## WORK TO BE COMPLETED
Below are entries; repeat exactly, and nothing else, the lines from the one holding "GIPR CHO 細(xì)胞模型原理圖" through the one holding "几乎所有大牌安全座椅都要通过", inclusive. Leave the pictures out.

++++ SOURCE INFORMATION

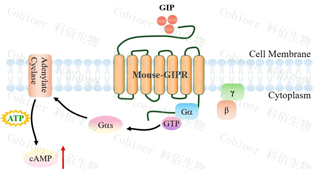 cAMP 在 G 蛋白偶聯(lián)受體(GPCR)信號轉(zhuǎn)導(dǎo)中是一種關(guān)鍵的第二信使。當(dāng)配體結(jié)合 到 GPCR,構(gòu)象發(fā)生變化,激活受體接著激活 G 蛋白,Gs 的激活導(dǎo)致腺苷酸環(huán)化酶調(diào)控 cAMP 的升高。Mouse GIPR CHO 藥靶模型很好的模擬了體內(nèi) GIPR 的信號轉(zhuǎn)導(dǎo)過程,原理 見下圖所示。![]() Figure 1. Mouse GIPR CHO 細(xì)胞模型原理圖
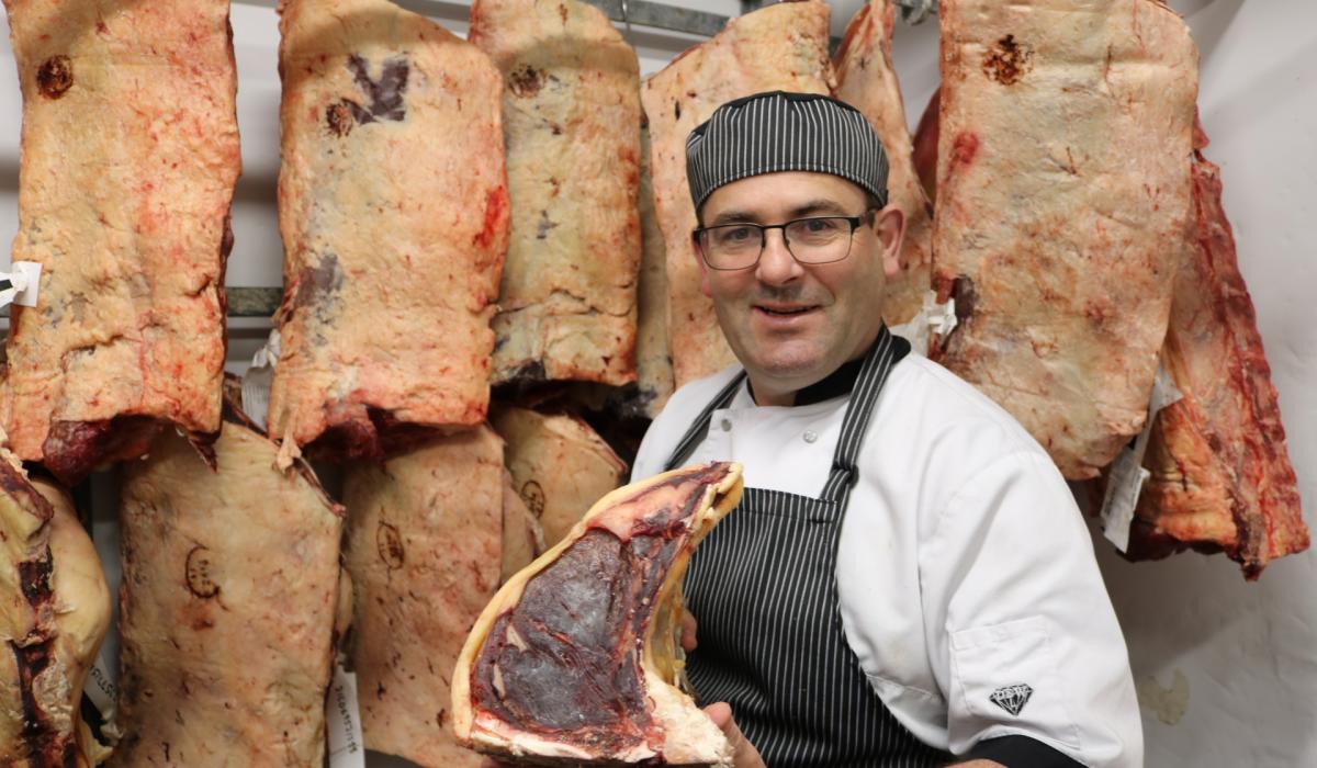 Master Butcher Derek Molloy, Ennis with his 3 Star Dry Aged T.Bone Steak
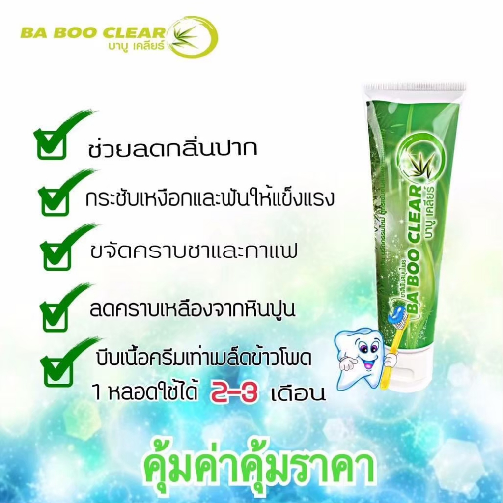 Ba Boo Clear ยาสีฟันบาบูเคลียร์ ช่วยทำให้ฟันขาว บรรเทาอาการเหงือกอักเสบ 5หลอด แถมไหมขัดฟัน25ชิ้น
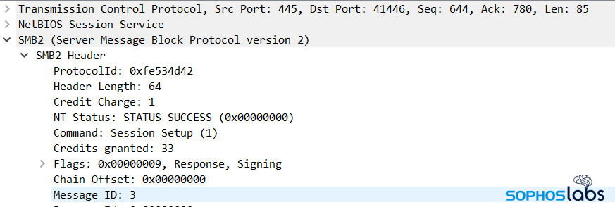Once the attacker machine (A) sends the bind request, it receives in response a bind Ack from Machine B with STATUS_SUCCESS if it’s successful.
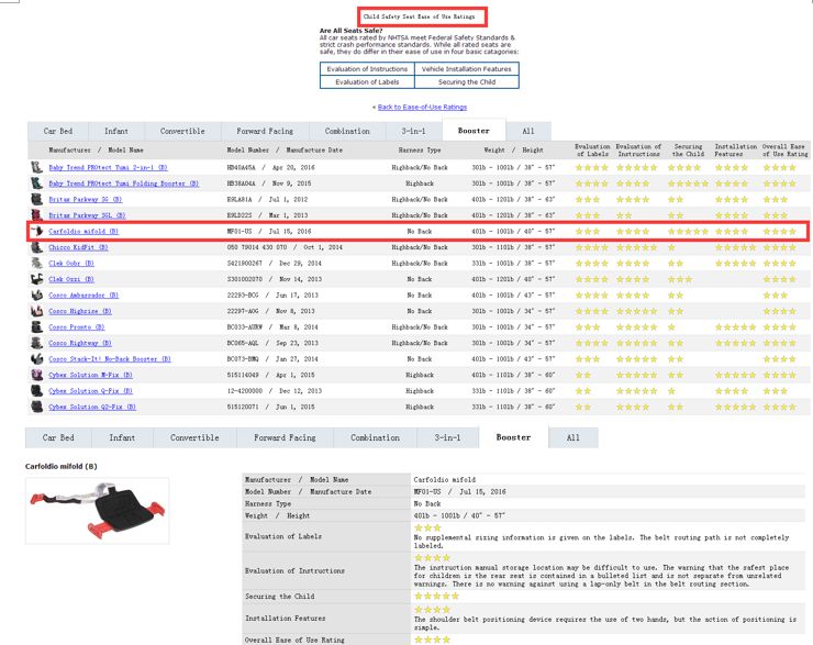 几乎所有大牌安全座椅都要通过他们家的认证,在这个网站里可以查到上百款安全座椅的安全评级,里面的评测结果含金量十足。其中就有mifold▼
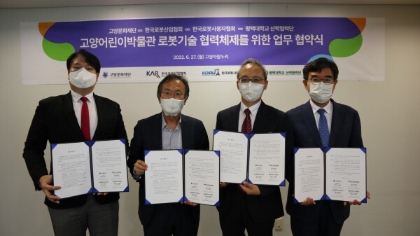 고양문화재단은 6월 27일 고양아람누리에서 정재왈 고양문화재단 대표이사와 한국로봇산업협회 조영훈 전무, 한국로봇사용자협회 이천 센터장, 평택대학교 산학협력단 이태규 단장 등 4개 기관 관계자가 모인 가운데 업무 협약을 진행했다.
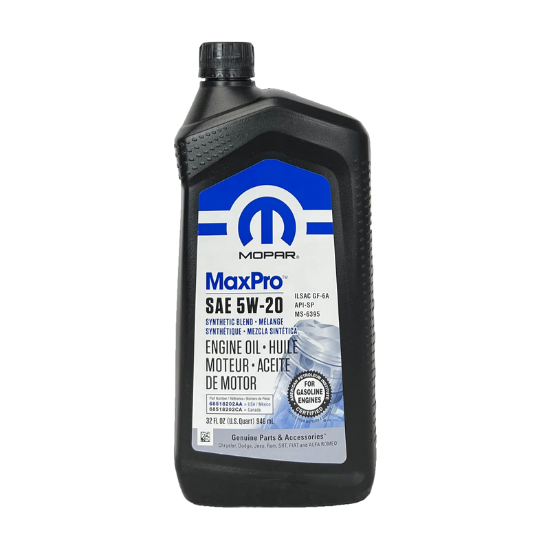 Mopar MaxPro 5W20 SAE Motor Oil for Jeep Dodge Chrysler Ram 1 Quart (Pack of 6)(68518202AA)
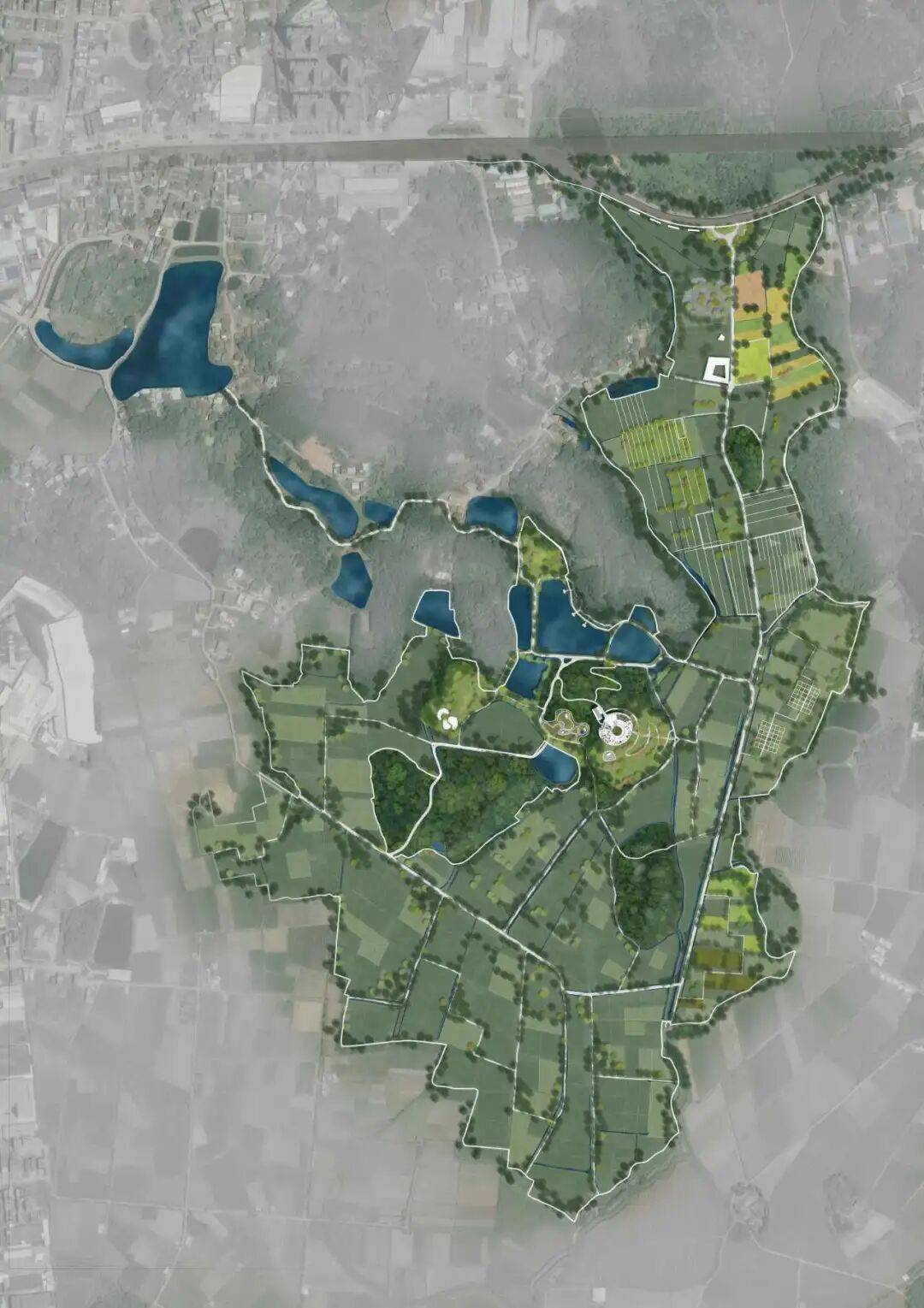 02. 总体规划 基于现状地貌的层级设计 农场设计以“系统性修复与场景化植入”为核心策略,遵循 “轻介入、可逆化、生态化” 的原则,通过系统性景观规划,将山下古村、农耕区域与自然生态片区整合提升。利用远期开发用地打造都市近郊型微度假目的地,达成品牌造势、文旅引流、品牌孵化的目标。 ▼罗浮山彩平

++++++++
++++ SOURCE INFORMATION

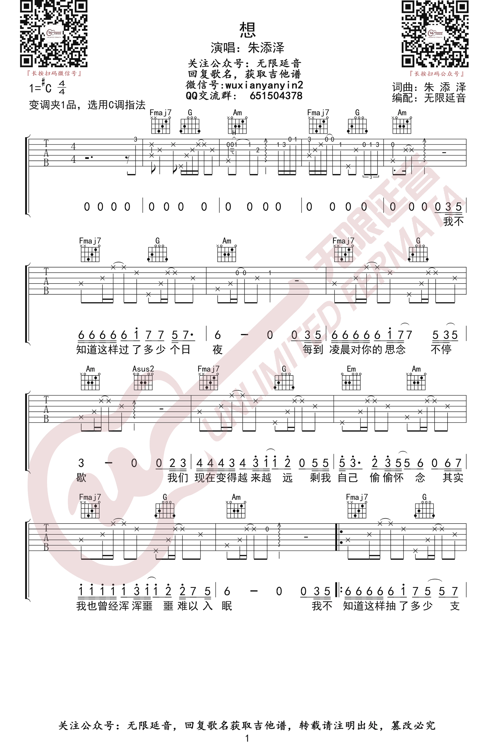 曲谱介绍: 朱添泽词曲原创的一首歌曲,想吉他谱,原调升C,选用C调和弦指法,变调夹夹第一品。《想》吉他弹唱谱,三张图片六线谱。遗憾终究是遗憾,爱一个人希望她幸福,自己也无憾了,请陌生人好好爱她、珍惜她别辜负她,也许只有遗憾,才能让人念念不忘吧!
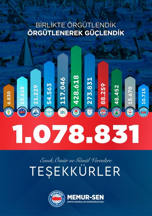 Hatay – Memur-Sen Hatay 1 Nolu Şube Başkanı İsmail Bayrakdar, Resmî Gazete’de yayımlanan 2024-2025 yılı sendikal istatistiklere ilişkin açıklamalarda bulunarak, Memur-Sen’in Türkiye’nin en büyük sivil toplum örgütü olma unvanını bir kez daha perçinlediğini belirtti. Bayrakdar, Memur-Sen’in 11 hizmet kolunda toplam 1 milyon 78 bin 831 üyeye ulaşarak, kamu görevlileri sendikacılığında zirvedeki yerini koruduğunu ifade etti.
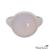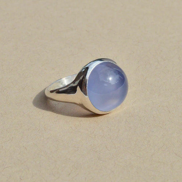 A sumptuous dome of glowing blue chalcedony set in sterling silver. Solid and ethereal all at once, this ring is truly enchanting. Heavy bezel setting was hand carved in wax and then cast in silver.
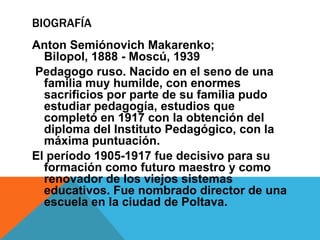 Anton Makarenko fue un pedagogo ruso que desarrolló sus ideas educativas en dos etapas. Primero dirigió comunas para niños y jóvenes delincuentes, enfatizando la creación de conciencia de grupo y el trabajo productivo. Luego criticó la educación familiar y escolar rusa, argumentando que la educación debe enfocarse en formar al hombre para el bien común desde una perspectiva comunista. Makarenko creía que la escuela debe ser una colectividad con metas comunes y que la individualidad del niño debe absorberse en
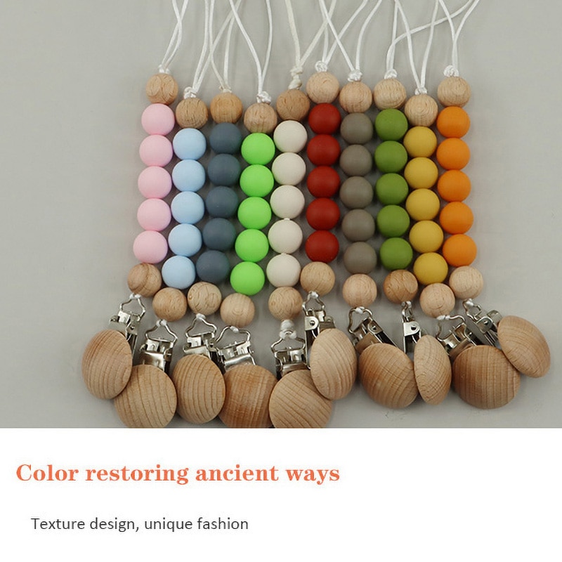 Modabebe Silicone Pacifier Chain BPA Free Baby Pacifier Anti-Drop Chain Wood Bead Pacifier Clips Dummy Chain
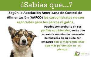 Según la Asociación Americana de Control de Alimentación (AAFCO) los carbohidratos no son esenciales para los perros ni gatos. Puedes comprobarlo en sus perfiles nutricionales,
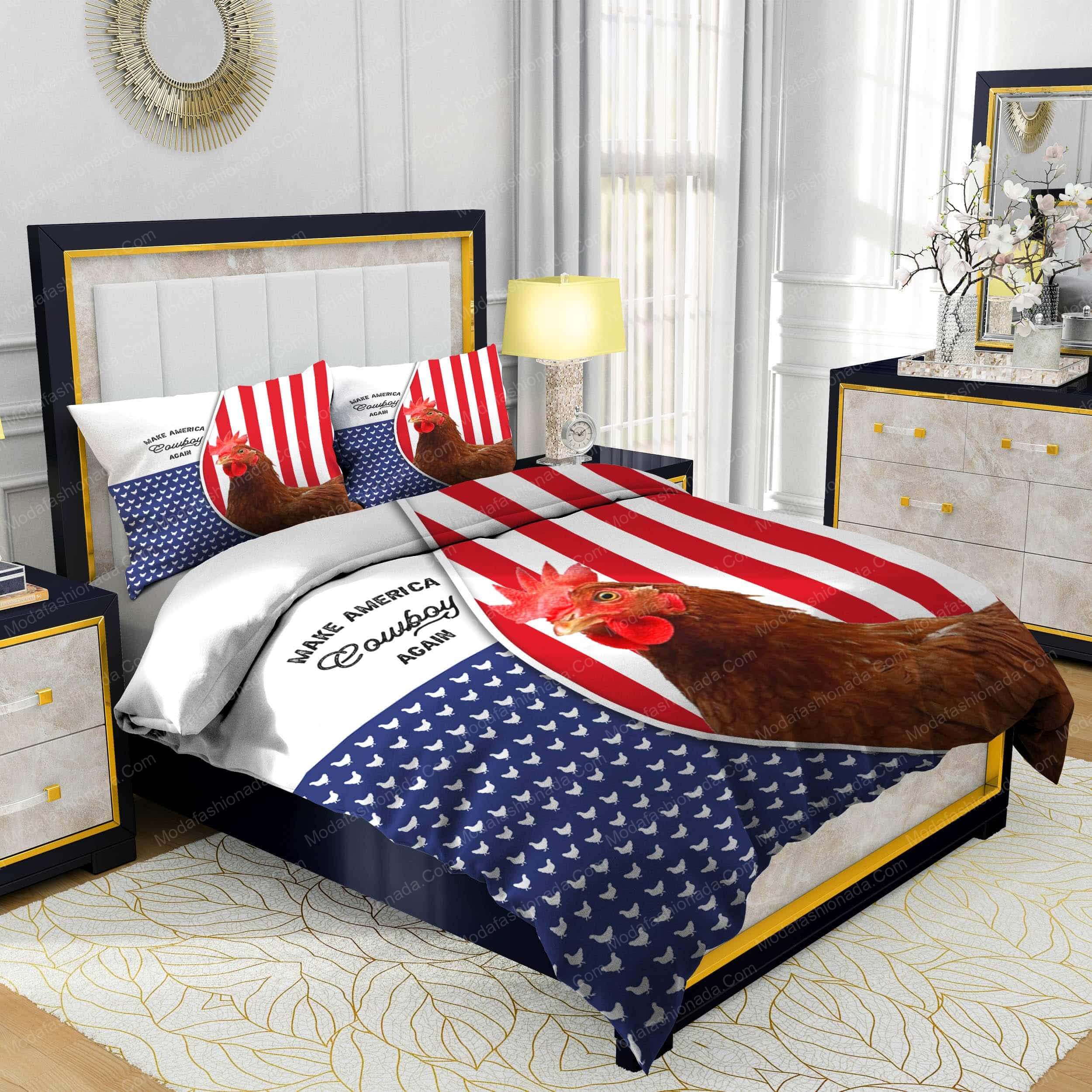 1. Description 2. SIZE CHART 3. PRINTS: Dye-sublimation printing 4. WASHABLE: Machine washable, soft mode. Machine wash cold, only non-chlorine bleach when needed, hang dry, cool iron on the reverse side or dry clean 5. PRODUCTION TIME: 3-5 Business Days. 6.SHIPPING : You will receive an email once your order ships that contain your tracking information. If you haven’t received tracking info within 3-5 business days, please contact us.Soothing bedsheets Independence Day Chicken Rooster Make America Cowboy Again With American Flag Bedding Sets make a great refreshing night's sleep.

++++++++
++++ SOURCE INFORMATION

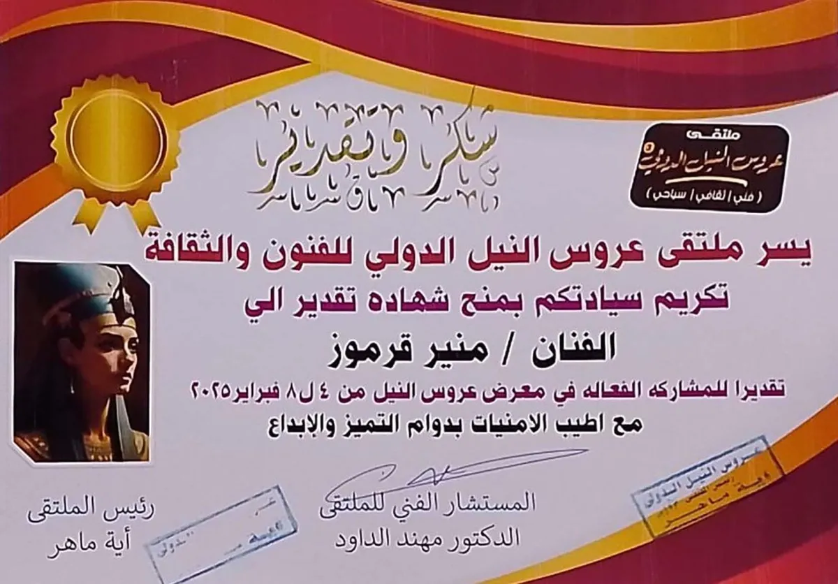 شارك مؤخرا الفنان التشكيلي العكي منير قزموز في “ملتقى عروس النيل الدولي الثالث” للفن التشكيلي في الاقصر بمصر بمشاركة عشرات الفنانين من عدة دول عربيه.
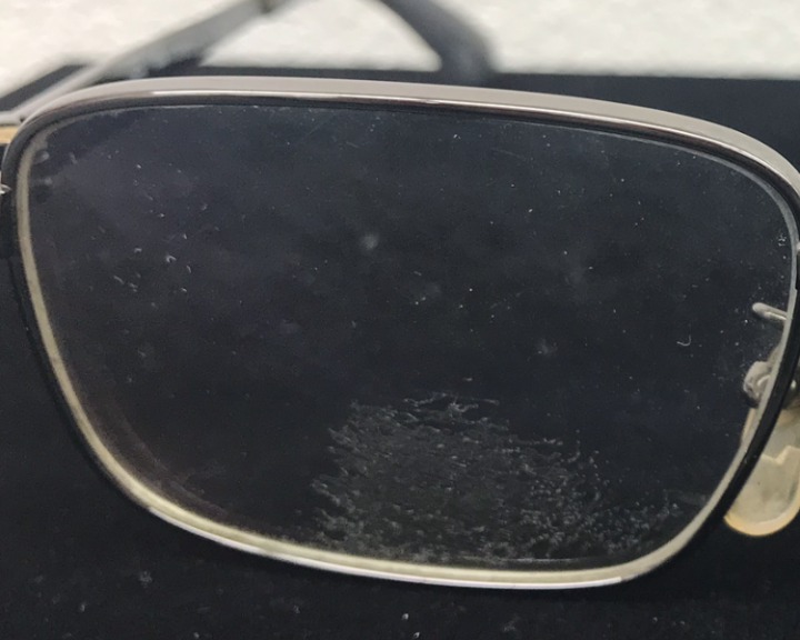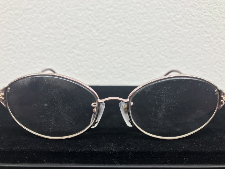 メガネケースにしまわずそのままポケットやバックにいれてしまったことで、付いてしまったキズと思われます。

++++++++

## ANSWER SPACE
 cAMP 在 G 蛋白偶聯(lián)受體(GPCR)信號轉(zhuǎn)導(dǎo)中是一種關(guān)鍵的第二信使。當(dāng)配體結(jié)合 到 GPCR,構(gòu)象發(fā)生變化,激活受體接著激活 G 蛋白,Gs 的激活導(dǎo)致腺苷酸環(huán)化酶調(diào)控 cAMP 的升高。Mouse GIPR CHO 藥靶模型很好的模擬了體內(nèi) GIPR 的信號轉(zhuǎn)導(dǎo)過程,原理 見下圖所示。![]() Figure 1. Mouse GIPR CHO 細(xì)胞模型原理圖
 Master Butcher Derek Molloy, Ennis with his 3 Star Dry Aged T.Bone Steak
 Ba Boo Clear ยาสีฟันบาบูเคลียร์ ช่วยทำให้ฟันขาว บรรเทาอาการเหงือกอักเสบ 5หลอด แถมไหมขัดฟัน25ชิ้น
Once the attacker machine (A) sends the bind request, it receives in response a bind Ack from Machine B with STATUS_SUCCESS if it’s successful.
 几乎所有大牌安全座椅都要通过他们家的认证,在这个网站里可以查到上百款安全座椅的安全评级,里面的评测结果含金量十足。其中就有mifold▼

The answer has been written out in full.